* **What you are asked to do**: Starting at the line that contains "Starší, ale i", reproduce every line through the end of the entries below, with no pictures in the copy.

* **Records provided**:
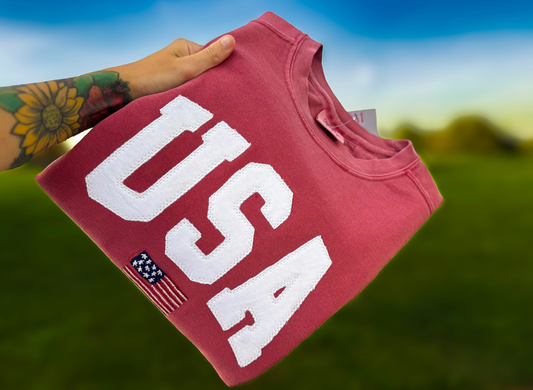 Proud of Our Roots USA Crewneck – Handmade Patriotic Sweatshirt
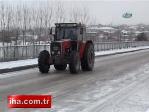 Edirne'de sabah saatlerinde yoğun kar yağışı etkili oldu. Kar nedeniyle kontrolden çıkarak kayan bir otomobil, yürekleri ağızlara getirdi.
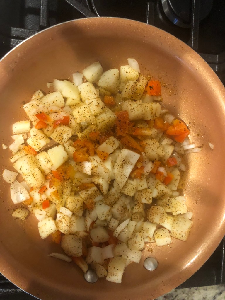 Add potatoes, onions, and peppers; cook until brown, stirring every minute or two.
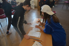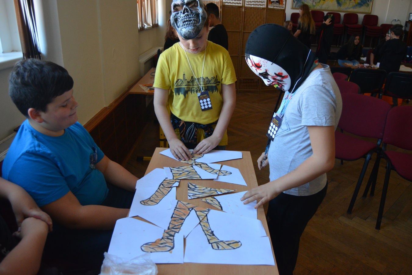 Starší, ale i někteří mladší žáci si pro své spolužáky připravili halloweenské soutěžení v aule školy.
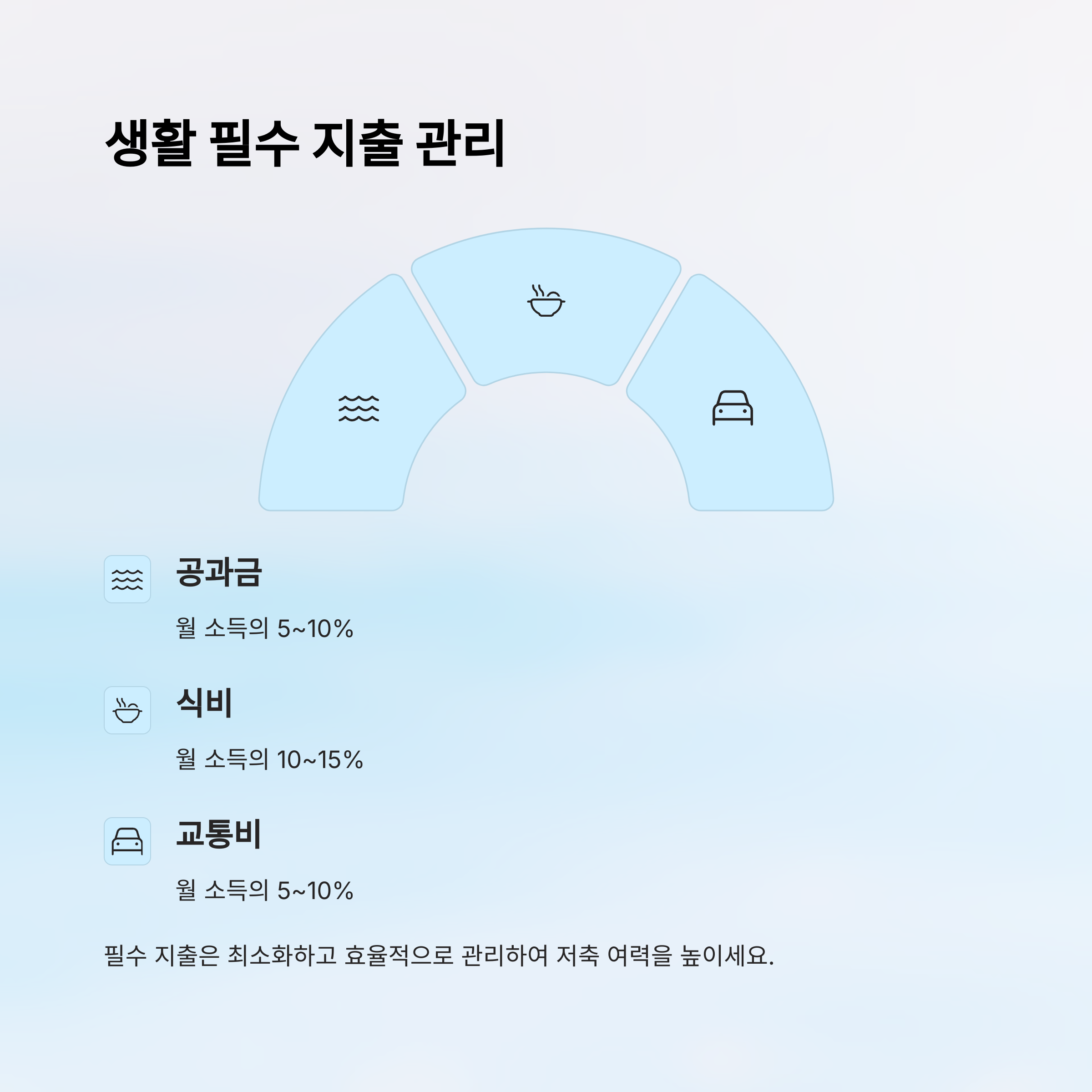 공과금, 식비, 교통비 등은 모두 월 소득 대비 5~15% 범위 내에서 조정하는 것이 좋습니다.

* **Problem solution**:
 Starší, ale i někteří mladší žáci si pro své spolužáky připravili halloweenské soutěžení v aule školy.
 공과금, 식비, 교통비 등은 모두 월 소득 대비 5~15% 범위 내에서 조정하는 것이 좋습니다.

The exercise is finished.